* Given information:
--- --- ---

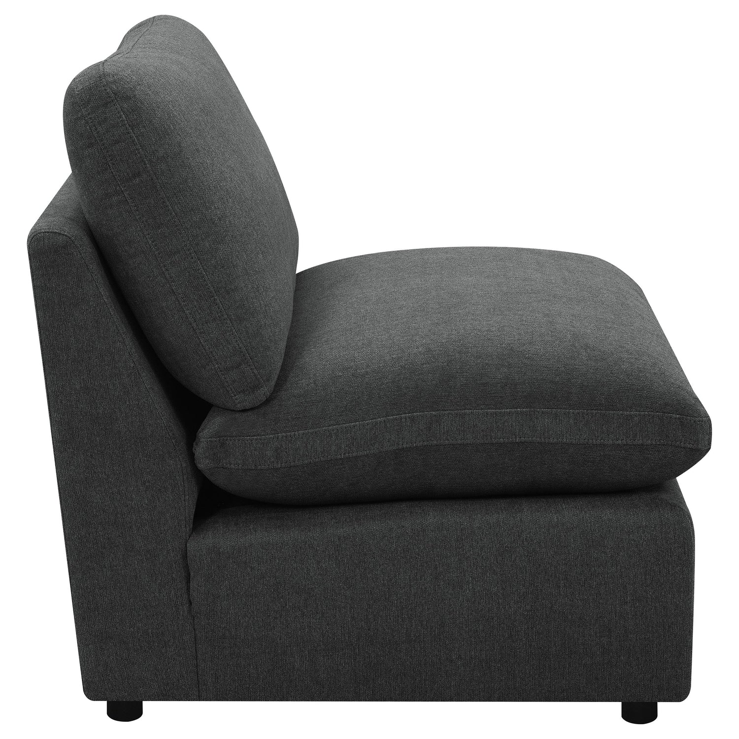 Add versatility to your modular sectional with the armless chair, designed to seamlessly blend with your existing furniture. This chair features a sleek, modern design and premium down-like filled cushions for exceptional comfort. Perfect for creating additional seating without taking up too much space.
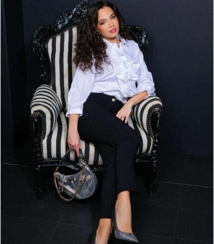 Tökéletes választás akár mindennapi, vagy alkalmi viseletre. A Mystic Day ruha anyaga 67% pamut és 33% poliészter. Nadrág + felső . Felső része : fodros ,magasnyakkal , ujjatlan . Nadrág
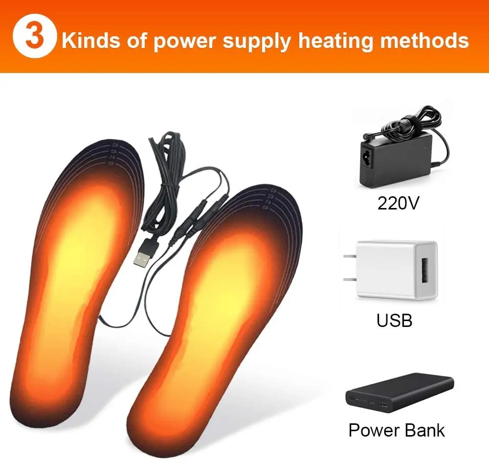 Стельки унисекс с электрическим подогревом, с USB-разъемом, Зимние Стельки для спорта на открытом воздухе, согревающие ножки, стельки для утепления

--- --- ---

* Task brief:
An unaltered copy of the material, without images, should be set down.

* The answer:
 Add versatility to your modular sectional with the armless chair, designed to seamlessly blend with your existing furniture. This chair features a sleek, modern design and premium down-like filled cushions for exceptional comfort. Perfect for creating additional seating without taking up too much space.
 Tökéletes választás akár mindennapi, vagy alkalmi viseletre. A Mystic Day ruha anyaga 67% pamut és 33% poliészter. Nadrág + felső . Felső része : fodros ,magasnyakkal , ujjatlan . Nadrág
 Стельки унисекс с электрическим подогревом, с USB-разъемом, Зимние Стельки для спорта на открытом воздухе, согревающие ножки, стельки для утепления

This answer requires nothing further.